**WHAT TO PRODUCE**:
Nothing outside the range is to be copied. From the entries below, reproduce exactly the lines starting at the one with "Design -Top: crew" and ending at the one with "Gunnar Ander for", without pictures.

Source data:
------------------------

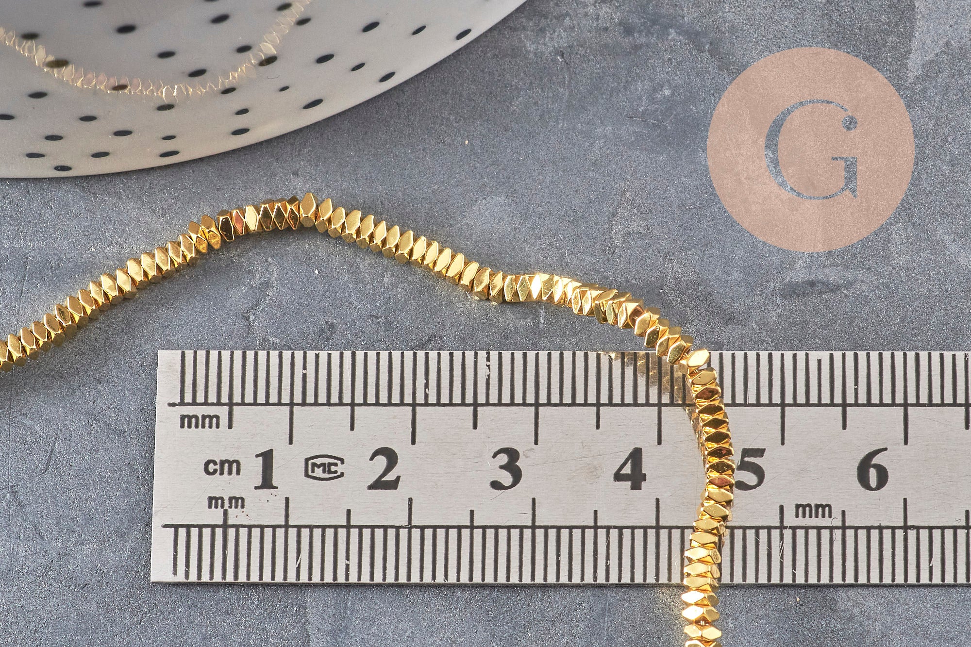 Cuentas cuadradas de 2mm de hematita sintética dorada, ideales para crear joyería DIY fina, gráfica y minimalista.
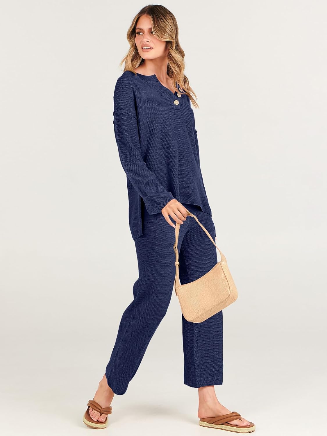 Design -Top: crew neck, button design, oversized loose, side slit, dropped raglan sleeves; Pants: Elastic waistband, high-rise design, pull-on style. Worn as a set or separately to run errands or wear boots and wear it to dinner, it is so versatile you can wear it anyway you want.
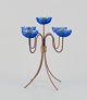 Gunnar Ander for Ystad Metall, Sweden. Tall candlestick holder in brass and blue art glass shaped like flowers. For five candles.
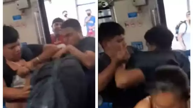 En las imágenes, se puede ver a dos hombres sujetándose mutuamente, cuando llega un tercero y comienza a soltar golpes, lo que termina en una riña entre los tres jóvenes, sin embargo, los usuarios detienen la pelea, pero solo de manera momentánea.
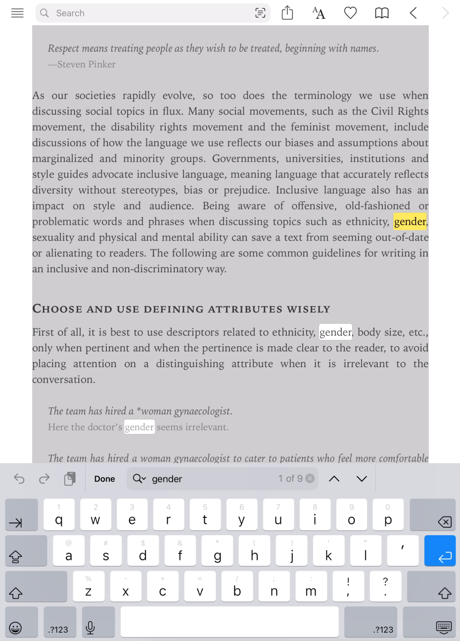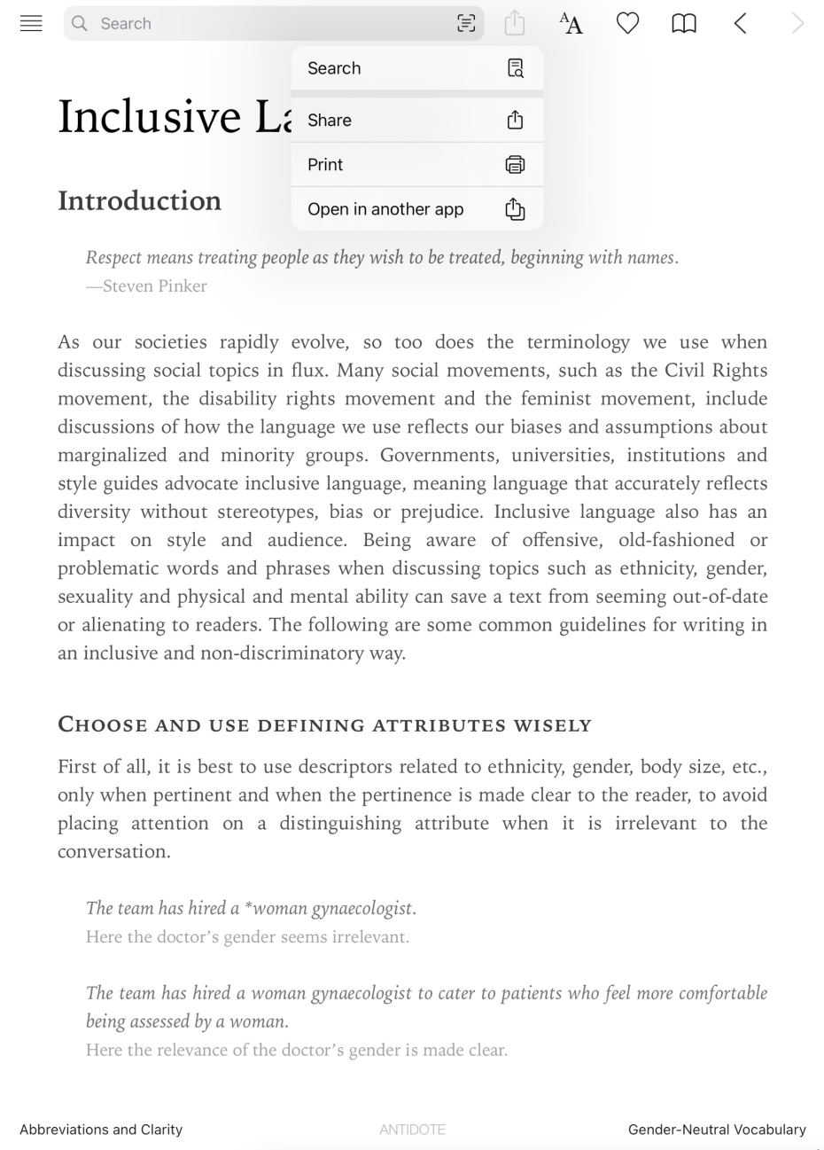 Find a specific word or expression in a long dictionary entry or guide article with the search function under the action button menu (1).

------------------------

**RESULT FOR THIS EXERCISE**:
 Design -Top: crew neck, button design, oversized loose, side slit, dropped raglan sleeves; Pants: Elastic waistband, high-rise design, pull-on style. Worn as a set or separately to run errands or wear boots and wear it to dinner, it is so versatile you can wear it anyway you want.
 Gunnar Ander for Ystad Metall, Sweden. Tall candlestick holder in brass and blue art glass shaped like flowers. For five candles.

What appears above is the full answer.